#### [TASK GOAL]
What is needed is a word-for-word copy of every record below, minus the pictures.

#### [RECORDED DATA]
- - -
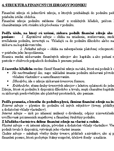 Financovanie podniku, charakteristika, členenie finančných zdrojov
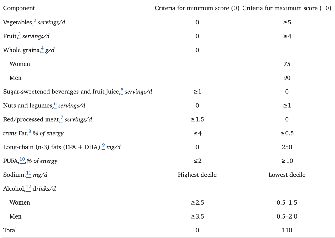 這個評分工具一共包括11個關鍵食物和成分。根據飲食中這些食物、成分食物的攝入情況打分,0-10分 ,總分110分,總分越高代表越健康[4]。
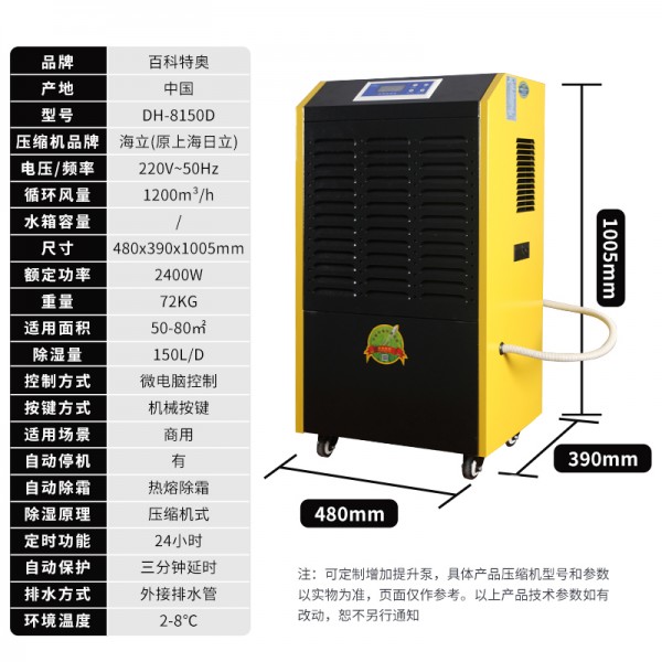 百科特奥冷库除湿机,2-8度150升除湿机DH-8150D。百科特奥低温型除湿机的适用场所和环境:低温除湿机应用于低温冷藏的相关场所,使用环境温度为2-10摄氏度,湿度为50%-70%,设备在低温情况下根据翅片温度将冷凝器和蒸发器互换,保证压缩机在低温情况下不停机。
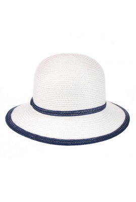 Женская шляпа Del Mare Модель: 152 Цвет: 02.05 Состав: capron, polyester Ширина поля: 7 см. Диаметр шляпы: 29,5 см. Высота тульи: 10 см. Размер: 56-59 Цвет основной: белый. Цвет дополнительный: синий. Аксессуар: лента из тесьмы в тон. Детали: моделируе...
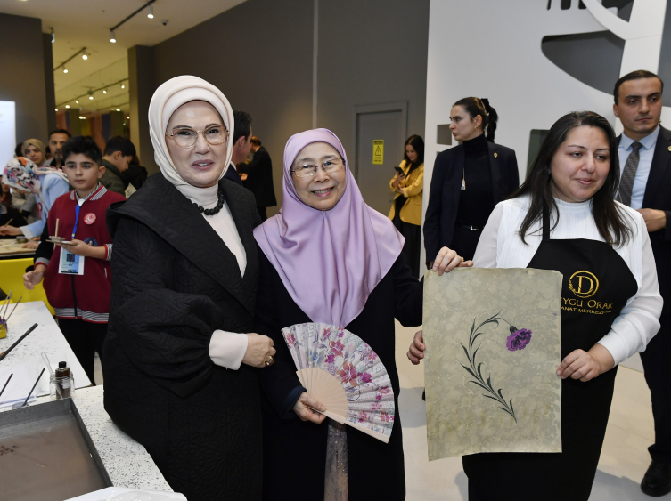 "Resmi ziyaret kapsamında ülkemizde ağırladığımız Malezya Başbakanı'nın değerli eşi Wan Azizah Wan İsmail Hanımefendi ile Cumhurbaşkanlığı Millet Kütüphanemizi ziyaret ettik. Malezya Kitaplığı'nda milletler arasında kalıcı bir düşünce dili kuran kıymetli eserleri birlikte inceledik. Ardından Yankılar: Şule Yüksel Şenler ve Malcolm X'in Mirasını Yaşatmak Sergisi'nde hakikat mücadelesinin coğrafyaları aşan güçlü izlerine tanıklık ettik. Kültür ve Turizm Bakanlığımız tarafından hayata geçirilen Yaşayan Miras Okulu'nda ise kıymetli çocuklarımızla buluştuk. Burada, ebru sanatından çiniye, hat sanatından geleneksel Türk okçuluğuna, Karagöz ile Hacivat'tan Dede Korkut anlatılarına uzanan asırlık mirasımızın çocuklarımızın ilgisiyle, emeğiyle ve merakıyla geleceğe taşındığını görmek mutluluk verici. Bu anlamlı ziyaretin, ortak değerler etrafında güçlenen kalıcı bağlara ilham olmasını temenni ediyorum."
- - -
#### [YOUR SOLUTION]
 Financovanie podniku, charakteristika, členenie finančných zdrojov
 這個評分工具一共包括11個關鍵食物和成分。根據飲食中這些食物、成分食物的攝入情況打分,0-10分 ,總分110分,總分越高代表越健康[4]。
 百科特奥冷库除湿机,2-8度150升除湿机DH-8150D。百科特奥低温型除湿机的适用场所和环境:低温除湿机应用于低温冷藏的相关场所,使用环境温度为2-10摄氏度,湿度为50%-70%,设备在低温情况下根据翅片温度将冷凝器和蒸发器互换,保证压缩机在低温情况下不停机。
 Женская шляпа Del Mare Модель: 152 Цвет: 02.05 Состав: capron, polyester Ширина поля: 7 см. Диаметр шляпы: 29,5 см. Высота тульи: 10 см. Размер: 56-59 Цвет основной: белый. Цвет дополнительный: синий. Аксессуар: лента из тесьмы в тон. Детали: моделируе...
 "Resmi ziyaret kapsamında ülkemizde ağırladığımız Malezya Başbakanı'nın değerli eşi Wan Azizah Wan İsmail Hanımefendi ile Cumhurbaşkanlığı Millet Kütüphanemizi ziyaret ettik. Malezya Kitaplığı'nda milletler arasında kalıcı bir düşünce dili kuran kıymetli eserleri birlikte inceledik. Ardından Yankılar: Şule Yüksel Şenler ve Malcolm X'in Mirasını Yaşatmak Sergisi'nde hakikat mücadelesinin coğrafyaları aşan güçlü izlerine tanıklık ettik. Kültür ve Turizm Bakanlığımız tarafından hayata geçirilen Yaşayan Miras Okulu'nda ise kıymetli çocuklarımızla buluştuk. Burada, ebru sanatından çiniye, hat sanatından geleneksel Türk okçuluğuna, Karagöz ile Hacivat'tan Dede Korkut anlatılarına uzanan asırlık mirasımızın çocuklarımızın ilgisiyle, emeğiyle ve merakıyla geleceğe taşındığını görmek mutluluk verici. Bu anlamlı ziyaretin, ortak değerler etrafında güçlenen kalıcı bağlara ilham olmasını temenni ediyorum."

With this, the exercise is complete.